▶ _ACTIVITY_
Directions for the data below: repeat exactly the lines from the one with "Figure 4: Well" through the one with "The neighborhood center in the commons", both included, and omit all pictures.
┌─ SUPPLIED MATERIAL
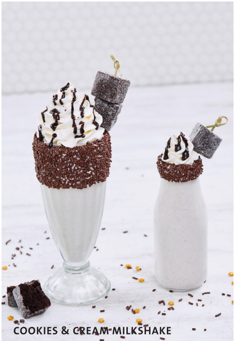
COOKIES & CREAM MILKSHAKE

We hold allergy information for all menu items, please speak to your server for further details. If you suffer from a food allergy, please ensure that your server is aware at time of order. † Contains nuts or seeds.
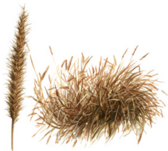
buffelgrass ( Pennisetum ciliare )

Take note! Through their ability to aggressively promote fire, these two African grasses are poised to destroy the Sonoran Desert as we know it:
└─
┌─ SUPPLIED MATERIAL
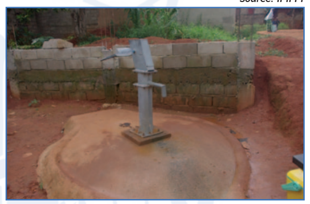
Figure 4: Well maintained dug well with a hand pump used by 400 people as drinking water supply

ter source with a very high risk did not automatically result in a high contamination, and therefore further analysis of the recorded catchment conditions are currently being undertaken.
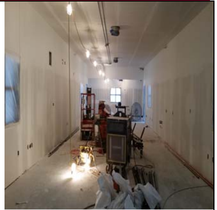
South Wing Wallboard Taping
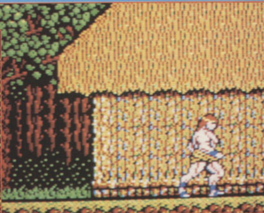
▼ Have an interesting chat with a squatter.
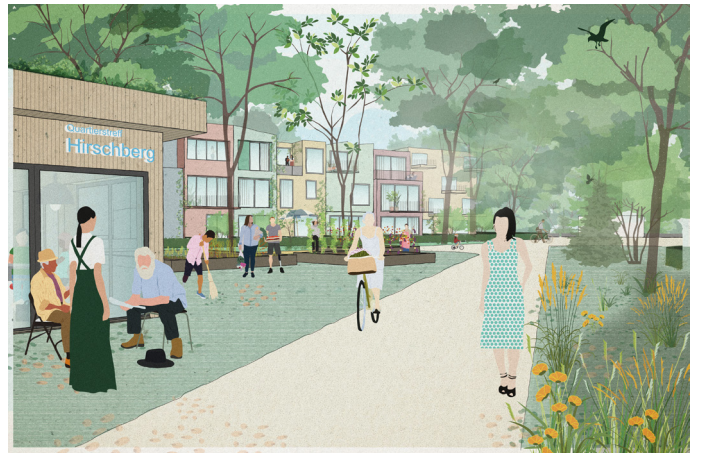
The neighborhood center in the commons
└─
┌─ SUPPLIED MATERIAL
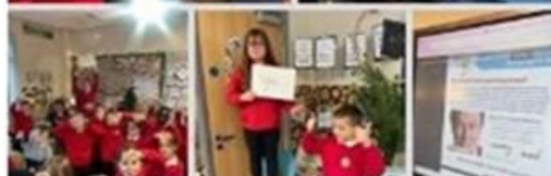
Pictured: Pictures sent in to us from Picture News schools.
└─
▶ _EXERCISE RESPONSE_
Figure 4: Well maintained dug well with a hand pump used by 400 people as drinking water supply

ter source with a very high risk did not automatically result in a high contamination, and therefore further analysis of the recorded catchment conditions are currently being undertaken.
South Wing Wallboard Taping
▼ Have an interesting chat with a squatter.
The neighborhood center in the commons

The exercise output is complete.